2 | MATERIALS AND METHODS

2.1 | Plant materials collection and DNA extraction

This study collected six medicinal plants of Polygonatum from different regions (Figure S1, Table S1). The species was confirmed and identified and all voucher specimens were stored at the Chinese Materia Medica Resource Center, Anhui University of Chinese Medicine (Hefei, China). Healthy and fresh leaves were chosen to extract the complete genomic DNA using a plant DNA mini kit (Plant DNA Kit D3485, Omega Bio-Tek, Guangzhou, China). The purity, integrity, and concentration of the DNA were checked using a NanoDrop 2000 spectrophotometer (Thermo Scientific, Wilmington, DE, USA) and 1.0%(w/v ) agarose gel electrophoresis (Wu et al., 2021). The concentration of DNA samples that meet the requirements of chloroplast genome sequencing ≥ 20 ng/μL; the total amount of samples ≥ 100 ng; OD260/280 = 1.8–2.2, and high-quality DNA was used to construct gene libraries (Zhu et al., 2018).
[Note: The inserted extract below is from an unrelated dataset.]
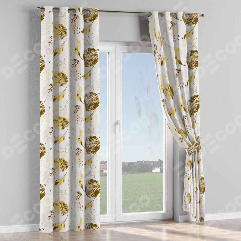 Комплект прямых штор, от производителя «Cortin», пошиты из ткани блэкаут с нанесением сублимационной печати «Золотые листья». Данная модель пошита на люверсах, комплектуется на выбор круглым карнизом и подходит для монтажа на стену или потолок. Прямые шторы на люверсах шьются по стандарту с коэффициентом 1/2 (на 100 см. ширины проёма 200 см. ширины ткани), отличительным преимуществом данной модели является простой способ монтажа. Достаточно повесить ее на трубу и штора готова!

2.2 | Chloroplast DNA sequencing, assembly and annotation

Genesky Biotechnologies Inc. (Shanghai, China) was commissioned to use Illumina HiSeq 4000 to randomly sequence the chloroplast genomes of each DNA sample from Polygonatum plants. Genomic DNA was fragmented after quality control and the adaptor was ligated to construct the library. To obtain high-quality sequencing data and improve the accuracy of subsequent bioinformatic analyses, quality control and filtering of the original offline data must be performed. For example, excluding sequences containing more than 3 N bases, eliminating sequences with less than 60% of high-quality bases (Phred score ≥ 20), eliminating low-quality bases at the 3’ end, and removing the sequences with lengths less than 60 bp. Assembling clean reads at the contig level. According to the reference near-source species, metaSPAdes software (Nurk et al., 2017) was used for genome assembly, and the assembly results were analyzed and corrected to determine whether the ring was formed, correct the contig direction, and determine the initial base position. The chloroplast genomes were annotated using CPGAVAS2 software (Shi et al., 2019). GenBank files were drawn into a gene circle map using GeSeq (https://chlorobox.mpimp-golm.mpg.de/geseq.html) (Tillich et al., 2017). The sequence data and gene annotation information were uploaded to the National Center for Biotechnology Information (NCBI) database.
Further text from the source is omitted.